I'm not sure if this is the right forum to post this on, but has anybody had any experience with the Walk through the Bible curriculum? Another church is wanting to participate with us using this, and I'm not that familiar with it. Thanks.


----------



## Bill The Baptist (May 16, 2014)

All I know is that Bruce Wilkinson of the Prayer of Jabez fame used to be their president. That doesn't bode well for me.


----------



## SolaScriptura (May 16, 2014)

We did it in college. 

I think it provides an excellent introduction and survey of the story of the Bible. Not just the christological orientation of Scripture, but it actually surveys each book in some detail (for instance, I remember going through each of the kings of both the northern and southern kingdoms). Its greatest strength is that it employs a very good pedagogical methodology and is therefore highly memorable. Indeed, it has been nearly 15 years and I can still recall some of the material from that class.

I recommend it.


----------



## DMcFadden (May 16, 2014)

Don't let your feelings about Wilkinson color your willingness to participate in Walk through the Bible. It is not about Wilkinson's particular views (he isn't the president and has not been for a long time), or about a particular theology (Wilkinson was a Dallas grad). Rather, it deals in biblical themes, characters, and timelines.
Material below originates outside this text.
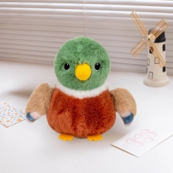 Plyšová káčatko je krásna hračka v mnohých farebných tónoch, ktorá zaručene pritiahne pozornosť. Vyrobená z mäkkého a príjemného plyšu, spája odtiene zelenej, hnedej, žltej a modrej, čo vytvára vernú repliku divokej kačky. Jej okrúhla hlavička, rozložené krídelká a typický žltý zobáčik jej dodávajú unikátne kúzlo, ktoré získava srdcia detí aj dospelých.

I did it the first time during seminary in the church where I was working part time. It did more for my understanding of the forest vs. the trees of the Bible than a degree in biblical studies magna cum laude from college and a high GPA in seminary. I can still recite from memory their way of delineating and remembering all of the prophets in terms of their times, themes, and recipients. 

The strength of WTB is that it uses clever memory devices, ingenious organizing templates, and an engaging presentation style to hold your attention until the end of the day . . . when you WILL know the books, themes, and timeline of either the OT or NT from MEMORY! In an era when biblical scholarship emphasizes the unique contributions of each of the Gospels INDIVIDUALLY, it was SO helpful to get a synthetic life of Christ.

For my money, WTB may not be the be-all and end-all of Christian education, but at the level of mastering the timeline and key players, it is unsurpassed in efficiency and effectiveness.


----------



## Jack K (May 17, 2014)

If you tend to be too stuffy (like I am), you may think it suffers from some cheesiness. But for a person who doesn't mind loosening up a bit it can be a helpful introduction to the Bible timeline, books, and major themes. I don't think you should worry about it on theological grounds.


----------



## PuritanCovenanter (May 17, 2014)

Jack K. thinks he is stuffy? I am much more. Just ask him. I agree with all that has been said above. The Walk through the Bible stuff is excellent. I gained a lot from it and proudly display the book Talk through the Bible along with my other books in my house.


----------



## Brandt (May 18, 2014)

Thanks, of course I can't stand cheesiness when it comes to doing anything in church!!


----------



## SolaScriptura (May 18, 2014)

Brandt said:


> Thanks, of course I can't stand cheesiness when it comes to doing anything in church!!



It isn't cheesy.


----------